Baseball first came to Lancaster County in the 1860s by soldiers returning home from the Civil War. They learned the rules while serving in the military and wanted to continue playing. The very first professional baseball teams in Lancaster were the Lancaster Lancasters and the Lancaster Ironsides. The Lancasters played in the Keystone Association while the Ironsides played in the Eastern League, both starting in 1884. The following season, the Lancasters joined the Eastern League, and the two teams became rivals. They competed against each other for fan support, league affiliation, and money at the gate. At its peak, insults and refusals to play against each other were the norm. The teams finally agreed to play each other at the end of the 1884 season, in which the Ironsides defeated the Lancasters after seven very close games. Only the Lancasters continued play the next season.

In the 1894 to 1895 seasons, a team called the Lancaster Chicks played in the Keystone Association. An all-African-American team called the Lancaster Giants followed in 1887, and many Lancastrians supported the team despite the social pressure of the day. The Giants hosted many exhibition games against the Philadelphia Giants of the Keystone Club.

Between 1896 and 1899, the first team called the Lancaster Maroons played in the original Atlantic League. In 1905, the second inception of the Maroons played in the Tri-State League.

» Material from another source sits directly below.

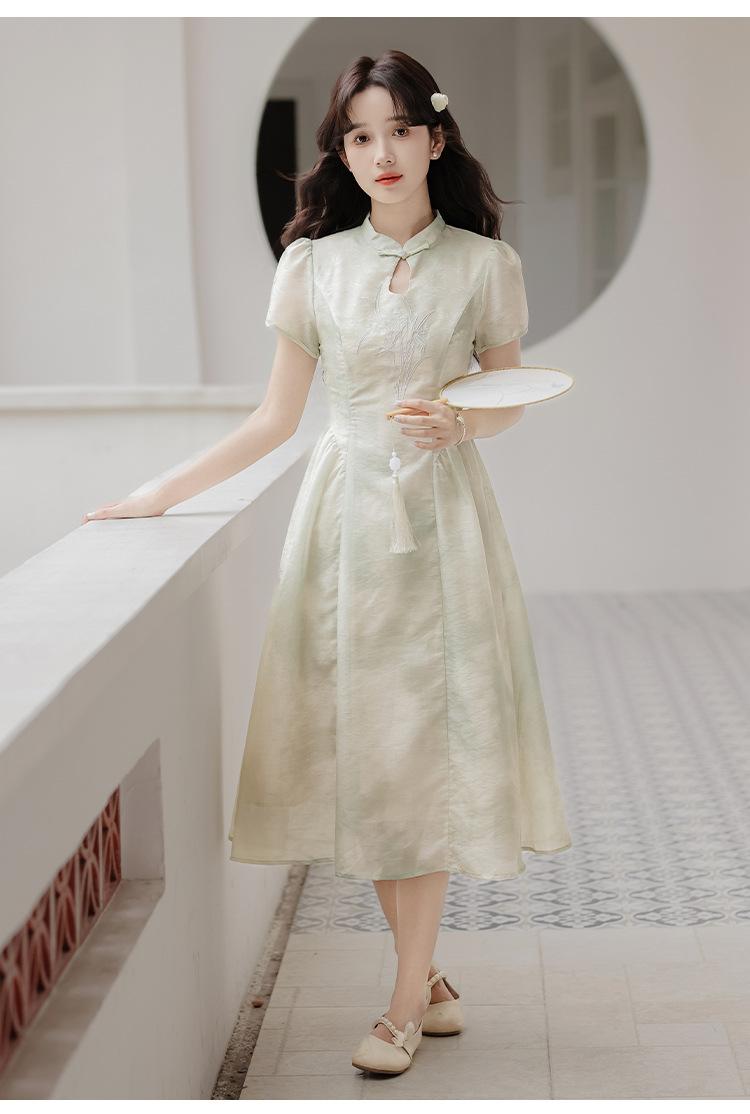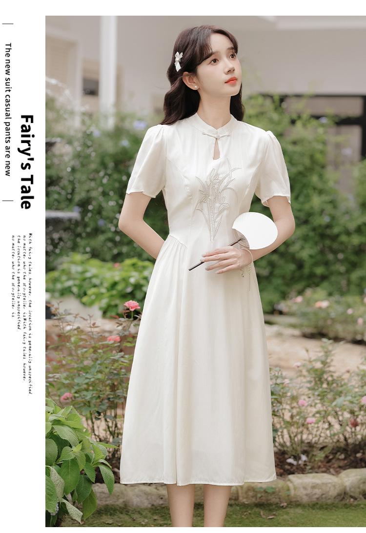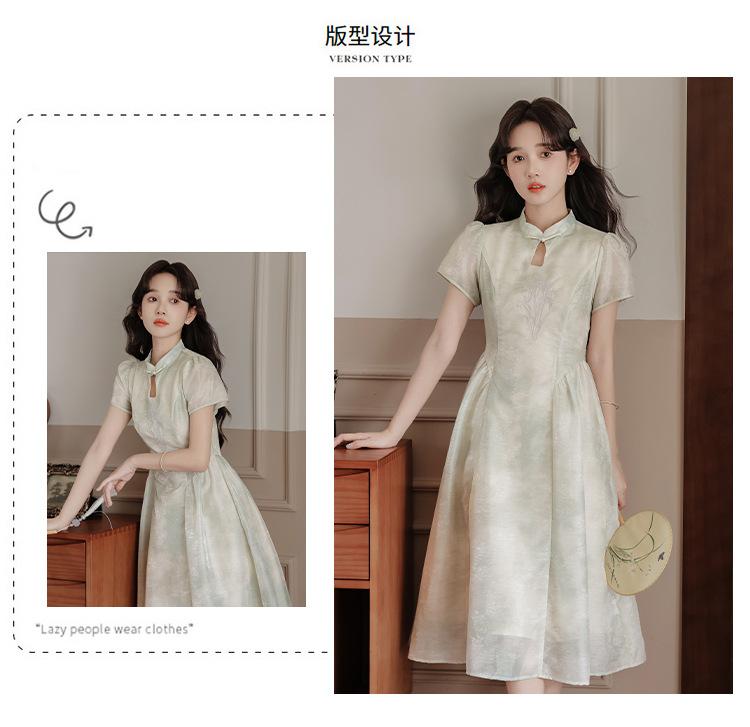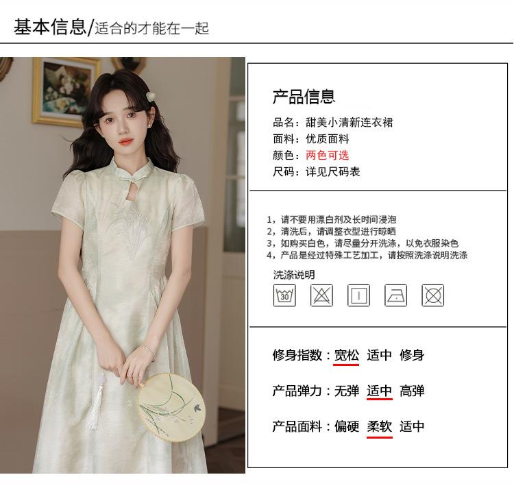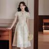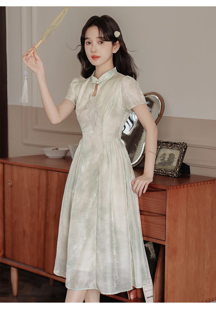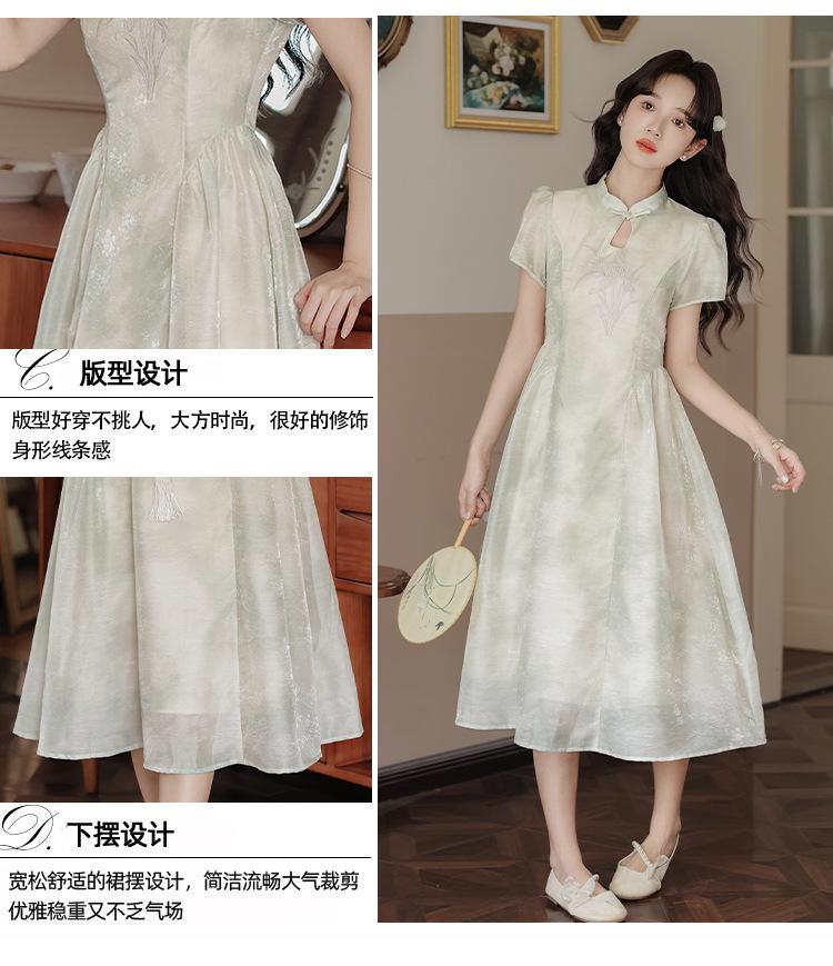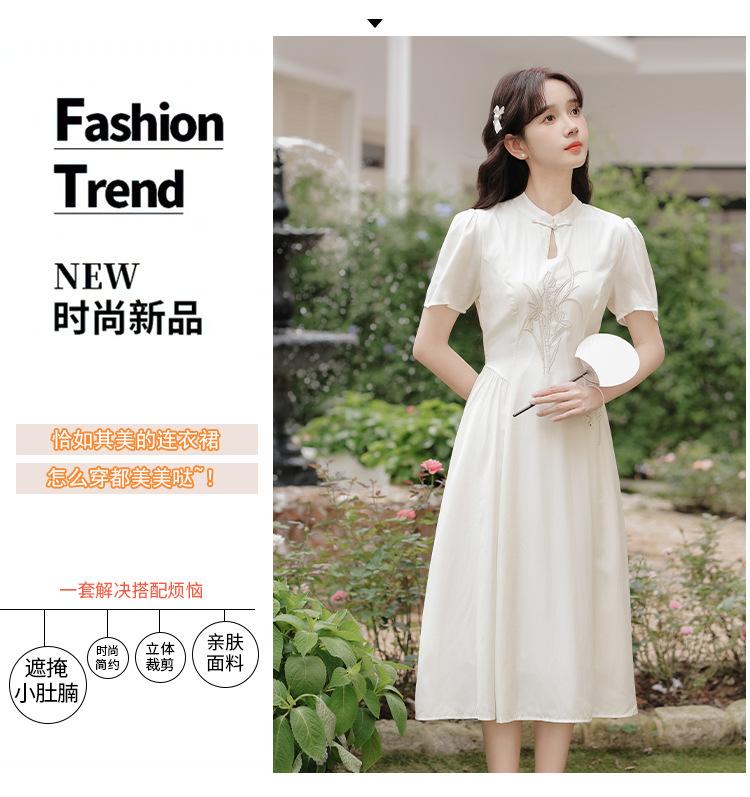 Ropa de Mujer 2025 Verano Trece Líneas Nuevo Estilo Nacional Nuevo Estilo Chino Temperamento Suave Vestido Largo Adelgazante Vestido de Manga Corta

In 1906, the Maroons became the Lancaster Red Roses. As both teams were named for the opposing factions in England's historic Wars of the Roses, the name change infuriated the rival White Roses from the nearby city of York.

The Barnstormers

In 2003, the Atlantic League of Professional Baseball formally announced an expansion team for the city of Lancaster. In November 2004, the Barnstormers announced the signing of Tom Herr, a Major League Baseball veteran and Lancaster native, as the team's first manager. The Barnstormers' were set to begin competition in 2005 at the newly built Clipper Magazine Stadium.

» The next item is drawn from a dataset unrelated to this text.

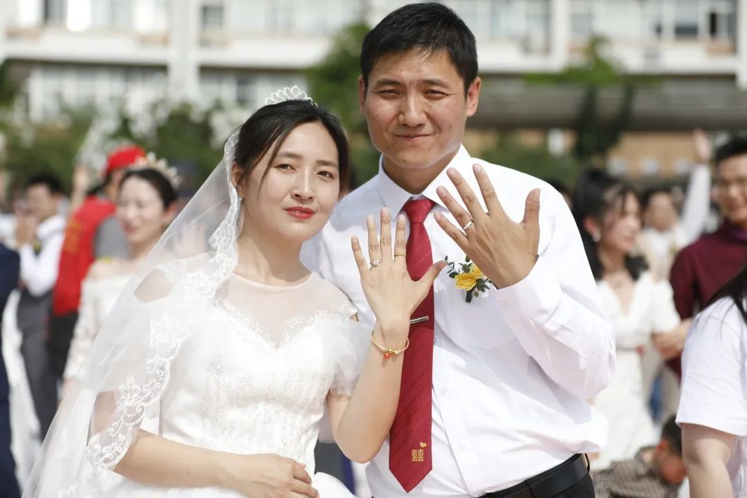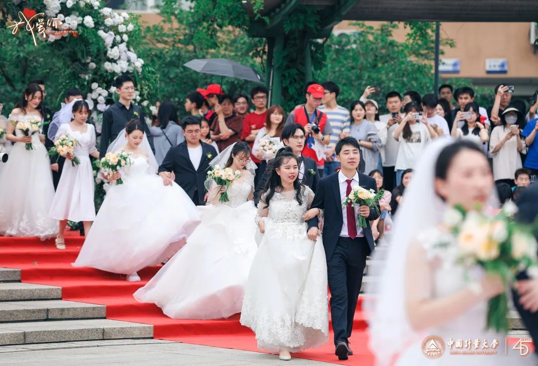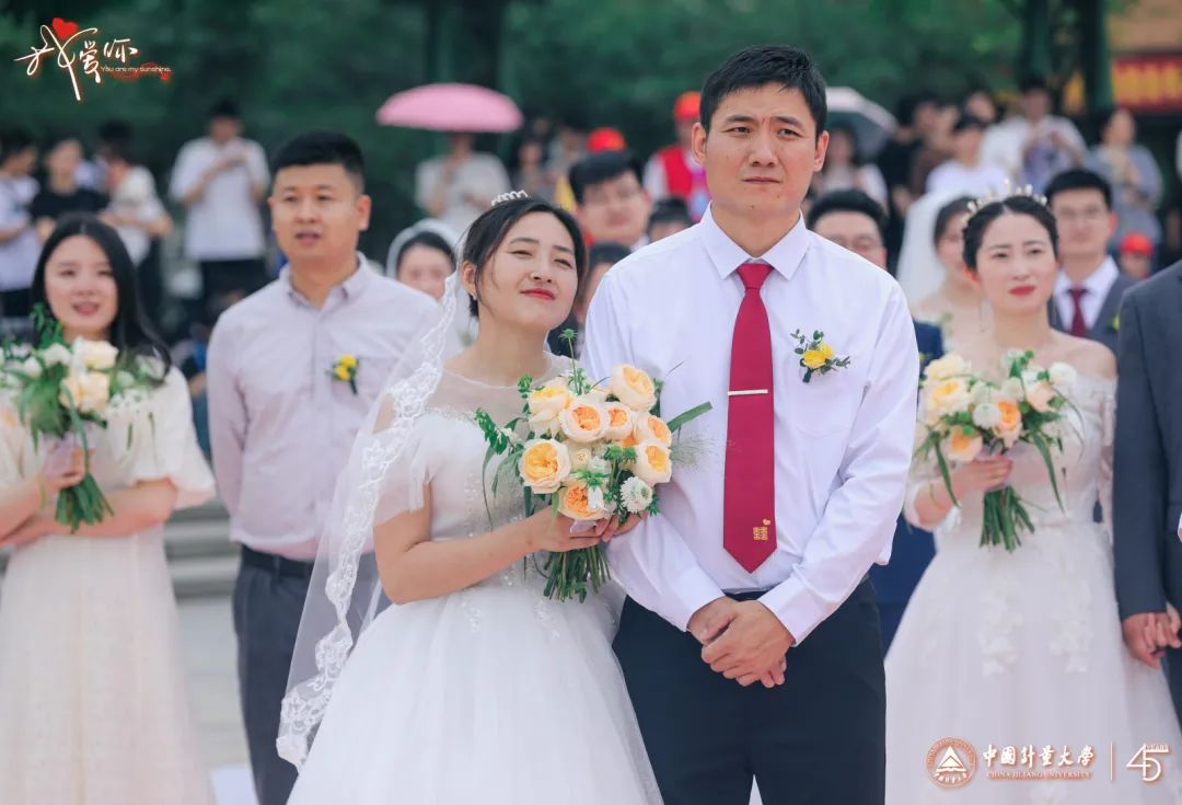 均钟合唱团带来歌曲《今天你要嫁给我》,幸福感在现场弥漫。新人们伴着歌声互相对视,或微笑牵手,或感动落泪。学校精心为每一对新人准备了伴手礼,包含定制戒指、喜糖礼盒、定制婚书、定制U盘、定制水杯,让新人们感受到母校的拳拳爱意。新郎新娘取下定制戒指,为眼前这位共度余生的爱人戴上。而对于史叶欣和王月华来说,这场婚礼比其他人多了一层特别的含义,这是他们第一次举办正式的婚礼。“我们在2020年12月领证了,但一直没办婚礼。感谢母校为我们举行了这次仪式,对我们来说意义重大。”史叶欣说。在浪漫、欢乐的领舞气氛中,新人们共同起舞,为集体婚礼划下句点。

On May 11, they lost their first game, 4–3, to the Atlantic City Surf, in front of 7,300 fans. They finished the 2005 season with a record of 64 wins and 76 losses. In finishing the first half of the 2006 season with a record of 38–25, the Barnstormers qualified for their first Atlantic League playoff berth. They also won the second half, posting a record of 37–26. After defeating division challenger, Atlantic City, in the first round of the playoffs, the Barnstormers swept the Bridgeport Bluefish to win their first Atlantic League championship, in only their second season. Pitcher Denny Harriger threw a complete game, breaking a franchise record for consecutive pitches. It was the city of Lancaster's first professional championship since 1955, when the former Red Roses won the Piedmont League title. The Barnstormers played in the 2012 Atlantic League Championship Series but were ultimately defeated by the Long Island Ducks in Game 5. In 2012, the Lancaster Barnstormers set an Atlantic League record with 88 wins.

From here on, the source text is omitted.